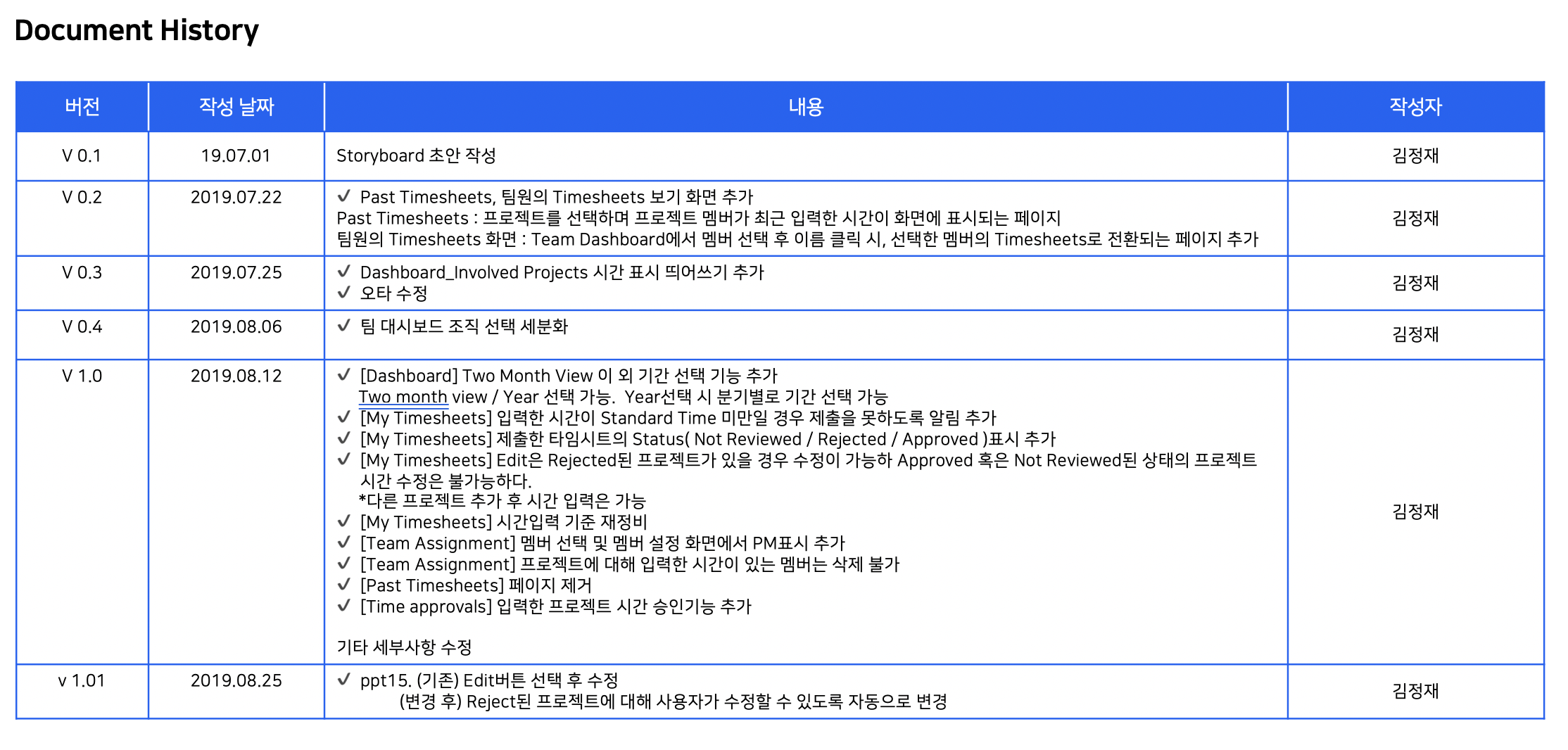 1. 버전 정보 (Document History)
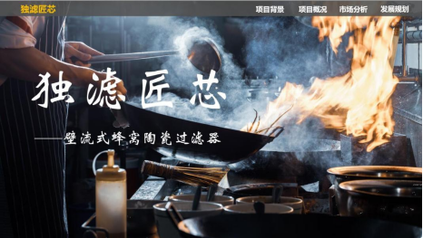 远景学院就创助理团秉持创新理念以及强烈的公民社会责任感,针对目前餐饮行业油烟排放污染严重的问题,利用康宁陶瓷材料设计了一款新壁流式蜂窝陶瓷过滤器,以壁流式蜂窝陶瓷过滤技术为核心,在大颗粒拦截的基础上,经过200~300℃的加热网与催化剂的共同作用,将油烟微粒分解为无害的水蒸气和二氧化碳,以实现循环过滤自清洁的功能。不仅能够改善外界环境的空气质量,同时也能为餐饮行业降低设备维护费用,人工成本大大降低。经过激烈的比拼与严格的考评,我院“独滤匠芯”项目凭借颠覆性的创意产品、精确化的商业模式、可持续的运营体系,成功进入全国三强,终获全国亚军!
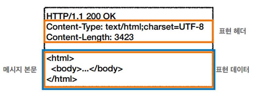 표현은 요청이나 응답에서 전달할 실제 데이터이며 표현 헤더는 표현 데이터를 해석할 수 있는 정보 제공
# # # #
• **Activity**
Please give all of the material again, exactly, without the images.

• **Solution**
 1. 버전 정보 (Document History)
 远景学院就创助理团秉持创新理念以及强烈的公民社会责任感,针对目前餐饮行业油烟排放污染严重的问题,利用康宁陶瓷材料设计了一款新壁流式蜂窝陶瓷过滤器,以壁流式蜂窝陶瓷过滤技术为核心,在大颗粒拦截的基础上,经过200~300℃的加热网与催化剂的共同作用,将油烟微粒分解为无害的水蒸气和二氧化碳,以实现循环过滤自清洁的功能。不仅能够改善外界环境的空气质量,同时也能为餐饮行业降低设备维护费用,人工成本大大降低。经过激烈的比拼与严格的考评,我院“独滤匠芯”项目凭借颠覆性的创意产品、精确化的商业模式、可持续的运营体系,成功进入全国三强,终获全国亚军!
 표현은 요청이나 응답에서 전달할 실제 데이터이며 표현 헤더는 표현 데이터를 해석할 수 있는 정보 제공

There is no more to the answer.